My experience has inclined me to buy the smallest possible tractor and weight it up as much as possible. Part of that experience goes back 18 years, when on our property in southern Indiana we had a pond dug. Had a great old excavator named Walt Taylor dig it, mostly with his little dozer. He noticed I had a Kubota and to my surprise was a real fan, had at least one he used at home and told me it was his brother who advertised in the paper that he tilled gardens with a "Kubota tractor and tiller."
Well, that pond ended up with a seam in the bottom and we bought a clay sealer that needed to be tilled in, so we hired Walt's brother. He arrived towing his outfit, big HD pickup and trailer and a little B series that was about 24 hp. I had a 2wd B series 21 hp at the time and was impressed because his was about the same size, though 4wd. Well, he tilled the heck out of that pond bottom and it stopped the leak.
When he came back to be paid he was towing his rig again but had a big bushhog on the tractor, said he was on his way to cut for someone. Now, I believe it was a six-footer--at least a foot over whatever the tractor was rated for---and I commented on it. He said the dealer told him it was too big but the tractor would handle it. He said he worked his tractor hard and used straight 50 weight oil. He also had cut the roll bar off because it hit limbs when bushhogging, which I thought was insane and still do. He had made a little shelf out of the rollbar at the height of the seat back.
I wondered why he didn't get a larger tractor. He said he didn't want to have to have brakes on his trailer and a bigger tractor would obligate him legally to do so because he'd go over whatever the cutoff was. I later got a 16 foot trailer with electric brakes and it was no big deal. I wonder if an old coot like that didn't consider electric brakes BRAKES and was talking about REAL surge brakes?
Anyway, I think of those brothers sometimes. Nice guys, good equipment operators, Bota fans, original characters. They gave me a lot of faith in small tractors to do big work, with care. Of course folks overload and can and do damage CUTs, but at least one old feller and his little bota made a big dent in Hoosier weeds and dirt for a while.

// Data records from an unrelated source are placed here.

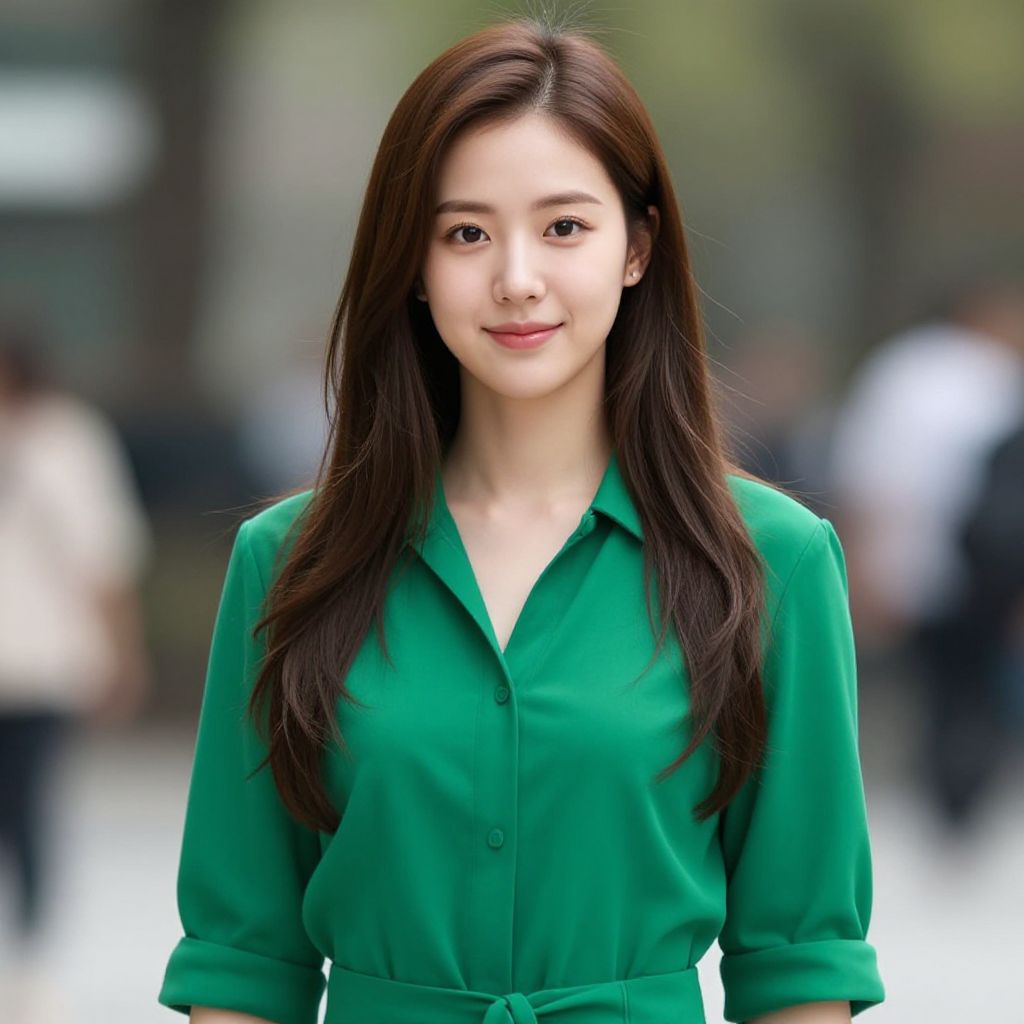 Photograph of an attractive young East Asian woman with long, straight black hair, wearing a bright green button-up shirt, smiling softly in a blurred urban
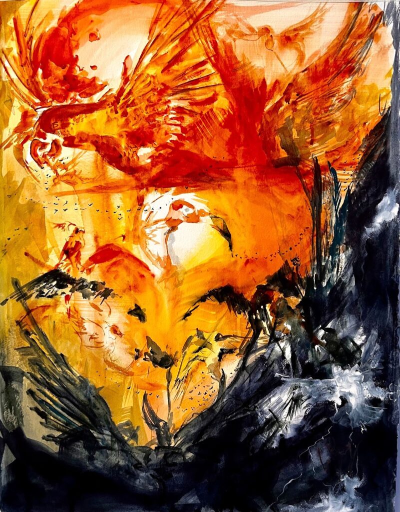 A self-described climate artist, Young is no stranger to activism. She has created art in the wake of disaster and has traveled to different countries to interview community members about their climate stories, which she then creates paintings of.
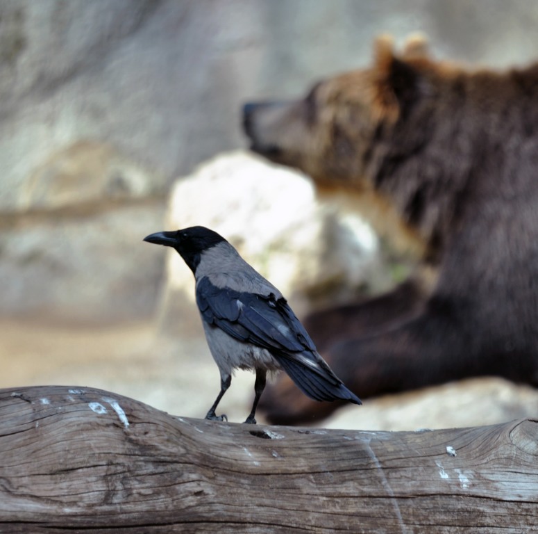 Bella la contrapposizione tra il piccolo corvo in primo piano e il grande orso sullo sfondo.

Because of my experiences, the constant refrain on these forums to get the biggest possible machine makes me shake my head. Small is beautiful. In know a guy who got a 30 hp+ Kubota for his few acres, a machine fit for 40 acres in the old days. It is beautifully equipped and just sits in his garage. It is too big to maneuver with a mower in his spaces. He uses it in winter for snow removal, and it's wonderful for that. I'd rather have a tractor that was optimum all year and fair at snow removal.